David picture David · Sep 2, 2010 · Viewed 19.7k times · Source

I really don't get it.

If the base class is abstract and only intended to be used to provide common functionality to public subclasses defined in the assembly, why shouldn't it be declared internal?

I don't want the abstract class to be visible to code outside the assembly. I don't want external code to know about it.

Answer

Eric Lippert picture Eric Lippert · Sep 2, 2010

UPDATE: This question was the subject of my blog on November 13th of 2012. See it for some more thoughts on this issue. Thanks for the great question!


You're right; it doesn't have to be that way. Other OO languages allow "private inheritance", whereby the fact that D inherits from B can only be taken advantage of by code that has the ability to see B.

This was a design decision of the original C# designers.
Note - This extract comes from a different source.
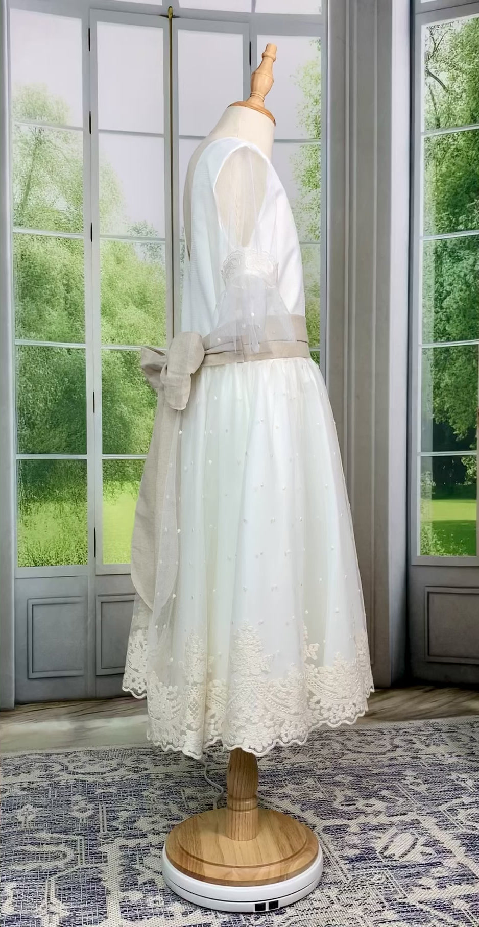 This dress is perfect for a special occasion, crafted in a soft ivory tone. It features semi-transparent sleeves with lace details and small embroidered dots. The lower part of the skirt has floral embroidery, adding an elegant and detailed touch to the design. The beige fabric belt with a side bow provides a beautiful contrast and a sophisticated finish. The back features a V-neckline and a zipper that makes it easy to put on, along with a large bow at the waist, creating a charming look from all angles.

Unfortunately I am away from my desk right now - I'm taking a couple of days off for the long weekend - so I don't have the language design notes from 1999 in front of me. If I think of it when I get back I'll browse them and see if there is a justification for this decision.

My personal opinion is that inheritance should be used to represent "is a kind of" relationships; that is, inheritance should represent the semantics of the domain being modelled in the language. I try to avoid situations where inheritance is used as a code sharing mechanism. As others have mentioned, it's probably best to prefer composition to inheritance if what you want to represent is "this class shares implementation mechanisms with other classes".